Next: LEX Up: CS2111: Design and Implementation Previous: Introduction Contents

Subsections

Expressions: Operators

$\S$ 1.5.1 introduced fix (infix, prefix and postfix). In any one language, we may just find one fix in use (e.g. prefix or postfix), but normally we find a mixture of infix, prefix, and postfix. In this section, we will look at some other simple but important features of expressions.

Number of Operands (per operator)

Any particular operator will usually only take a fixed number of operands, typically in the range 1 to 3, referred to as:

	1 operand	2 operands	3 operands	. . .
adicity	monadic	diadic	triadic	. . .
arity	unary	binary	ternary	. . .

As functions and procedures are only named operators that take a list of operands (parameters), there obviously should be no limit to the (fixed) number of operands any one operator may take.
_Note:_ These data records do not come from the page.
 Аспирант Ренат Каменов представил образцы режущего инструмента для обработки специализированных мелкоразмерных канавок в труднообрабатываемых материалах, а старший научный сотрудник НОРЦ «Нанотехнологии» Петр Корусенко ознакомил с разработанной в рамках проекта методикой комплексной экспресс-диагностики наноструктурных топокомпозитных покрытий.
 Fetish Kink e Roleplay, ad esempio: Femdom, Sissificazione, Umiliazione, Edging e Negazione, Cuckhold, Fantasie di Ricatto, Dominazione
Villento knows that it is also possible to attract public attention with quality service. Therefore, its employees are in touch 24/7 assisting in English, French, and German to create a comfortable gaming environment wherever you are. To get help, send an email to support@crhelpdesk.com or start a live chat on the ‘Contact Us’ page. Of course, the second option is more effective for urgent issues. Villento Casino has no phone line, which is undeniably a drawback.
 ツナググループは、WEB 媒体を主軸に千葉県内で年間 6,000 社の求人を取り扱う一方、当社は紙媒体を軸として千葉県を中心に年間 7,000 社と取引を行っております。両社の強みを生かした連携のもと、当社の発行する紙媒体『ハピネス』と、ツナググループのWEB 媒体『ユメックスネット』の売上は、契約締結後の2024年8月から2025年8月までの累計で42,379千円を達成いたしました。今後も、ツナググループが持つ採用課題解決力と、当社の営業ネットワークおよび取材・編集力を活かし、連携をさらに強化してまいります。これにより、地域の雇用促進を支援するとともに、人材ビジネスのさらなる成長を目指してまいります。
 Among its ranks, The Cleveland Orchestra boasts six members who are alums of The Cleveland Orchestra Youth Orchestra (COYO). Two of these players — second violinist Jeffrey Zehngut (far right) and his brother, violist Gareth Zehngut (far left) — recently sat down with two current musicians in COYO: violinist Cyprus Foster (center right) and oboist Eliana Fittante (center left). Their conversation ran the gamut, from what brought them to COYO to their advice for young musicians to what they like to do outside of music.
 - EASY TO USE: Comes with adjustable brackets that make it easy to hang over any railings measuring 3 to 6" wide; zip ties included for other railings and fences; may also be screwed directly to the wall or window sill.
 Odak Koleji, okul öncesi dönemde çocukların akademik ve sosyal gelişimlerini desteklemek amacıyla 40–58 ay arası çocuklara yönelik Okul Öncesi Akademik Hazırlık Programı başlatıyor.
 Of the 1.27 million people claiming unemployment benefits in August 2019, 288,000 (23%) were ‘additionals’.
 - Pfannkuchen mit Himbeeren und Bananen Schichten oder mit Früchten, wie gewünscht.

However, to simplify building and manipulating the parse trees, we often treat the brackets and commas as the operators instead. Multi-dimensional array accesses are similar, although it is clearer that the brackets really are operators. Operators that take 3 or more operands are usually prefix or postfix but may not fit this simple classification. Some languages where all operations are bracketed prefix (or postfix) have variable number of operands.

Overloading

Languages often overload operators i.e. use the same symbol for different operations, both because of the limited number of symbols available on an ASCII keyboard, and because mathematical notation also often overloads operators.

For example, both mathematics and many languages use - both for subtraction and for negation. Some languages make an effort to distinguish these, e.g. using ~ for negation. Even so, almost all languages have some overloading; e.g. ( and ) are used both for bracketed expressions and for lists (e.g. parameters) or tuples (or even array accesses).
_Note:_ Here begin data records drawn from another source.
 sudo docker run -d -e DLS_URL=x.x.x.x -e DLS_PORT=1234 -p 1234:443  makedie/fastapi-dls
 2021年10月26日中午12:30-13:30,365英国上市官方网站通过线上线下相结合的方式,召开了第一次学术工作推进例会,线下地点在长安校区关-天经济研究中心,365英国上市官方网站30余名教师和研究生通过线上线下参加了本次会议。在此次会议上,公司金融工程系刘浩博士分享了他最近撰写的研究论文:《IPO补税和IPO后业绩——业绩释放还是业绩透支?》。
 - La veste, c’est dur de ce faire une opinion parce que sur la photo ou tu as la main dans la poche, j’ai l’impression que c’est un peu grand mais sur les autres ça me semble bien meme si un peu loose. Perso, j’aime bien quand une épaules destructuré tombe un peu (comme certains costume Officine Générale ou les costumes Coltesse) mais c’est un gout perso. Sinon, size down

These different uses can normally only be distinguished by the context in the representation - e.g. whether the - is used as a monadic or diadic operator, or whether the ( is preceded by an identifier or by another operator. Other kinds of overloading can happen because, as in mathematics, the same symbol is used for e.g. addition of integers, reals and matrices - again, these different uses can only be distinguished by context, but this time in the meaning e.g. the types of identifiers.

Precedence

The commonest, but not ubiquitous, rule is that, for example, multiplication and division should be performed before addition and subtraction. Typically we collect together similar operators, so that e.g. multiplication, division and remaindering usually have the same precedence.

The greatest variation is found in the precedence of logical operations such as and and or. Some languages give them the same precedence, whereas most give and higher precedence than or. Even then, some languages give multiplication and and, and addition and or the same precedence, whereas most give arithmetic operations higher precedence than logical operations.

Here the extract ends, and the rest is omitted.